The MRI study of (Fitch and Giedd, 1999) is the only population study of vocal tract length; that is, the only study with a direct measure of vocal tract length and a substantial number of participants representing the full range of vocal tract development. It is important to note, however, that the subjects where lying down in the MRI scanner in “the nasal breathing position.” They did not vocalize in the scanner, and (Fitch and Giedd, 1999) did not record the speech of their participants outside the scanner. They did not have the resources to analyze the sounds at that time. So, there are no developmental, population studies in the literature that combine a direct measurement of vocal tract length with an analysis of the speech sounds from the same individuals.

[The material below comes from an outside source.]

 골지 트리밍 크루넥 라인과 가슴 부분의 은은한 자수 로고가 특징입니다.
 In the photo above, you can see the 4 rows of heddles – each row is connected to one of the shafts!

Formant frequency as a function of age
It is also the case that there are no developmental studies of speech sounds which report the heights of the speakers. It is understandable that they do not report VTL since it is so difficult to measure, but it seems surprising that speech scientists would not gather height data as a readily available measure that is highly correlated with VTL. The vocal tract is actually a combination of the nasal, oral and pharyngeal tubes that connect the openings of the nose and mouth to the trachea and the oesophagus; as a result, vocal tract length might have been anticipated to be a simple function of body height, as it has now been shown to be in the data of Fitch and Giedd (1999). However, the scientists who developed the different models of speech production are not the same scientists as those who gathered the developmental data on speech sounds. Vorperian and Kent (2007) recently surveyed the field and reported 22 developmental studies from the past 55 years, beginning with the seminal early study by Peterson and Barney (1952). They describe the situation as follows: “Although chronological age is not necessarily the preferred independent variable in studies of development or maturation, it is the most frequently reported subject descriptor across studies and, in fact, is typically the only reported index (Kent and Vorperian, 1995).”

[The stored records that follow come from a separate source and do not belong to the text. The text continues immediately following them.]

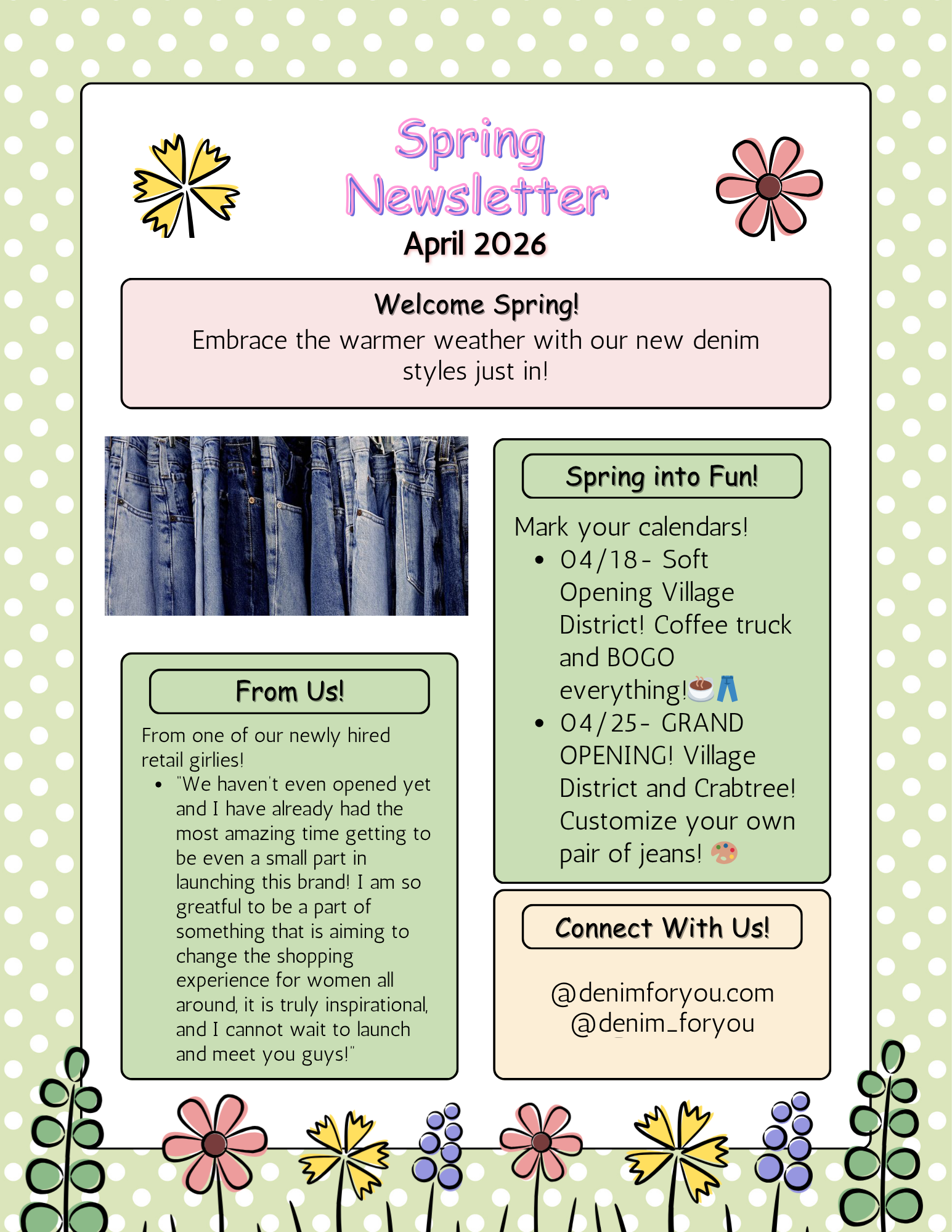 Overall, the creation of Denim for You and related PR materials significantly strengthened my skills as an aspirational PR professional. Working across multiple touch points pushed me to think strategically about consistency, audience engagement, and storytelling across different formats. It allowed me to develop one core brand identity and apply it to multiple different platforms. Overall, it built my ability to design integrated communication strategies that connect emotionally with audiences while reinforcing a cohesive brand narrative across every platform.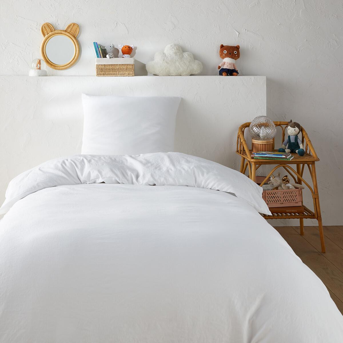A trendy colour palette, a slightly wrinkled matte appearance and an ultra-soft touch: this bed linen is made from washed recycled microfibre, a soft, light, comfortable and easy-to-wear material. Plain, it fits easily into the decoration of a room. This set includes the duvet cover and its matching square pillowcase. Product Details • 100% polyester • Recycled polyester • Washed microfibre • Straight buttoned hem Care Advice • Machine washable at 60°C • By washing your laundry at 40°C instead of 60°C, you limit energy consumption. Dimensions • Duvet cover 140 x 200cm + 1 pillowcase 63 x 63cm : Single • Duvet cover 200 x 200cm + 1 pillowcase 63 x 63cm: Double • Recycled polyester. Using recycled polyester is all about conserving resources and reducing waste.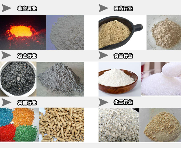 、塑膠、塑料、磁材、建材、礦山、窯業(yè)、飼料等。

One of the studies in the Vorperian and Kent review stands out as by far the best candidate for data on how the formant frequencies (and the pitch) of sustained vowel sounds vary with speaker age, and that is the study of Lee, Potamianos and Narayanan (1999). They recorded the speech of 436 children, ages 5-18, and 56 adults. They have ten or more male and 10 or more female participants for each and every year, with one exception – there are only nine females for age 17. Moreover, they have larger numbers of participants for the younger years where the data are more variable. This is by far the largest sample size reported by Vorperian and Kent (2007). Only two of the remaining 20 studies had more than 100 participants: One, by Hodge (1989) has 115 participants, but it is focused on development prior to age five. The other is the well known study of Hillenbrand et al. (1995), but it is not really a developmental study; the children are all 10-12 years of age and the rest of the participants are adults. Accordingly, the focus of this section is the data gathered by Lee et al. (1999).
Lee, Potamianos and Narayanan (1999) recorded two instances of 10 vowels in a neutral context, along with several sentences. They extracted the first three formant frequencies using LPC techniques and they argue that the main developmental features of the data are revealed by the average formant data, that is, the values of the first, second and third formants averaged over vowels separately for each age group. These average formant values are plotted as a function of age, separately for males (circles) and females (crosses) in Figure 6, along with the average pitch data (again averaged over vowels). The data are observed to be very orderly: Firstly, in each case, formant frequency decreases with age for both males and females throughout the age range; similarly, the pitch of the vowels decreases with age for both males and females throughout the age range. The functions are well approximated by lines over this age range, as shown in the figure. The slopes of the lines are presented in Table I along with the correlation coefficients, which are all highly significant. Secondly, the formant frequencies of males and females, and the pitches of the males and females, are essentially the same for the youngest children (age 5-8), but the rate of decrease of both formant frequency and pitch is slightly greater for the males than the females in all cases, leading to a substantial difference in both formant frequencies and pitch between adult males and adult females, on average. Thirdly, the slopes of the lines become more negative as average frequency increases; that is, the slope for the first formant is greater than for the pitch of the voice, the slope for the second formant is greater than that for the first formant, and the slope for the third formant is greater than that for the second formant. Moreover, this is true for both the males and the females.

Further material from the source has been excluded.